■ Data excerpt
______

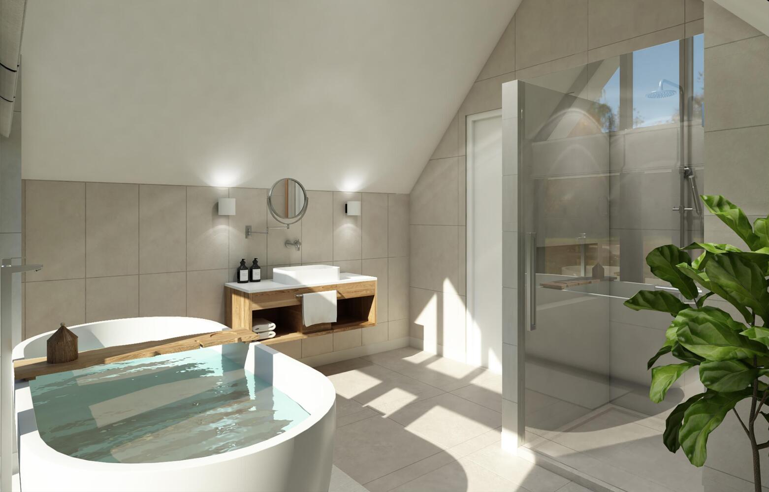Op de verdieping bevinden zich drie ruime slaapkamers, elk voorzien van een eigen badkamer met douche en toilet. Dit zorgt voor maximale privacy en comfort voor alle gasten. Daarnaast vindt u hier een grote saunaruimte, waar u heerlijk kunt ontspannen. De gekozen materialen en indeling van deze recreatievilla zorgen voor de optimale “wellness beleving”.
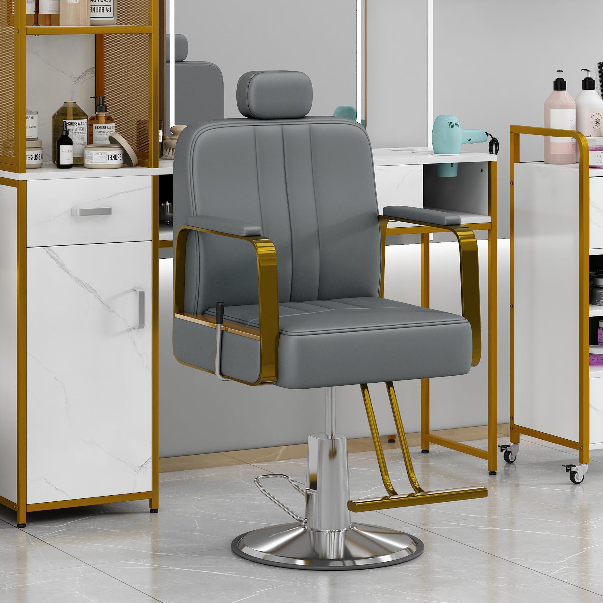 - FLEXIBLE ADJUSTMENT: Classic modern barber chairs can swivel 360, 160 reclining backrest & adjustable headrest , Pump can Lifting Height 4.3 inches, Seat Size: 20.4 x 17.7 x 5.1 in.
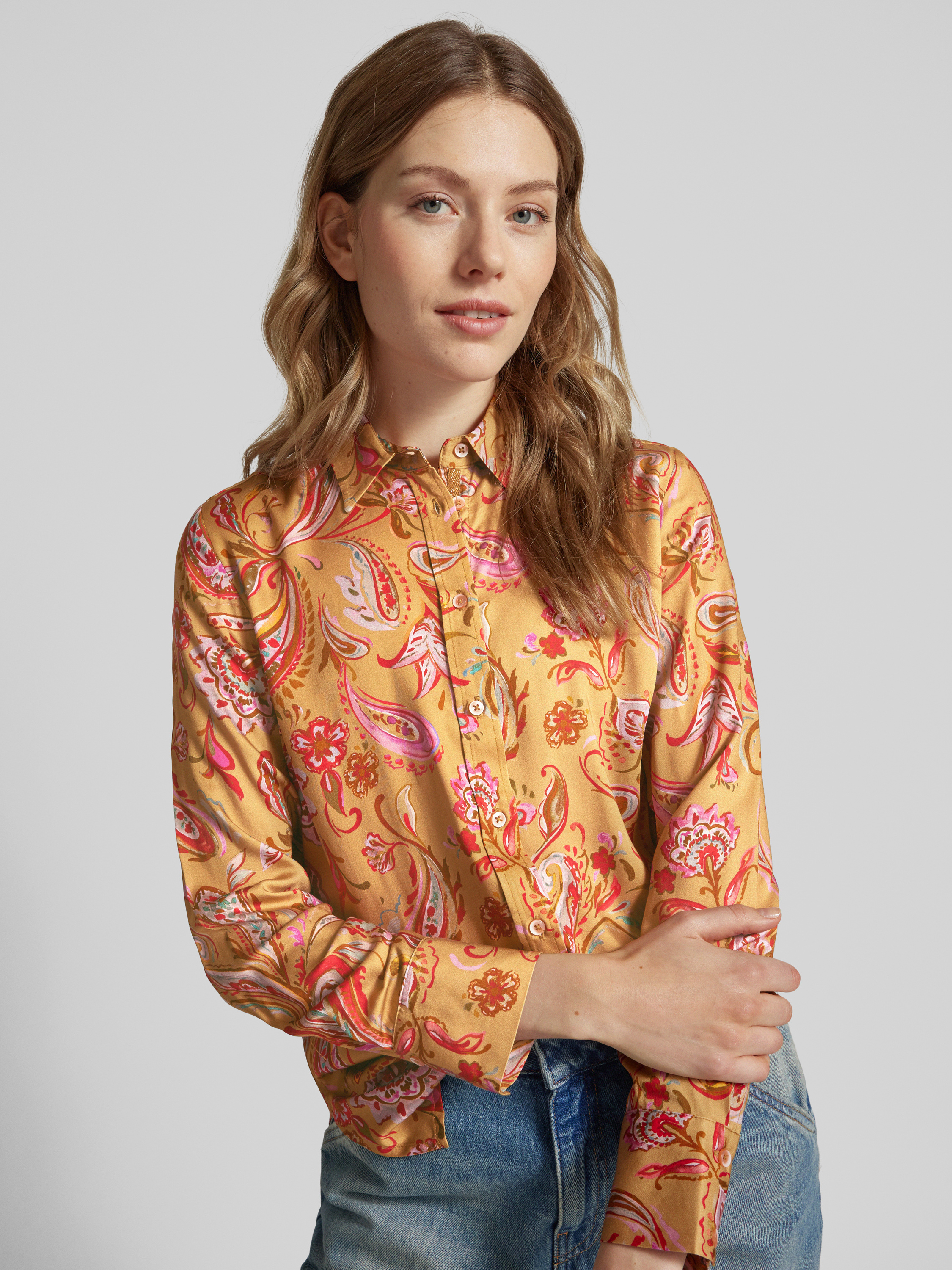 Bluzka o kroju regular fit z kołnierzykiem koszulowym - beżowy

______

■ Exercise details
Produce an exact copy of the lines from the line with "- FLEXIBLE ADJUSTMENT: Classic" through the last line of the data above, both ends included. No pictures belong in it.

■ Result below
 - FLEXIBLE ADJUSTMENT: Classic modern barber chairs can swivel 360, 160 reclining backrest & adjustable headrest , Pump can Lifting Height 4.3 inches, Seat Size: 20.4 x 17.7 x 5.1 in.
 Bluzka o kroju regular fit z kołnierzykiem koszulowym - beżowy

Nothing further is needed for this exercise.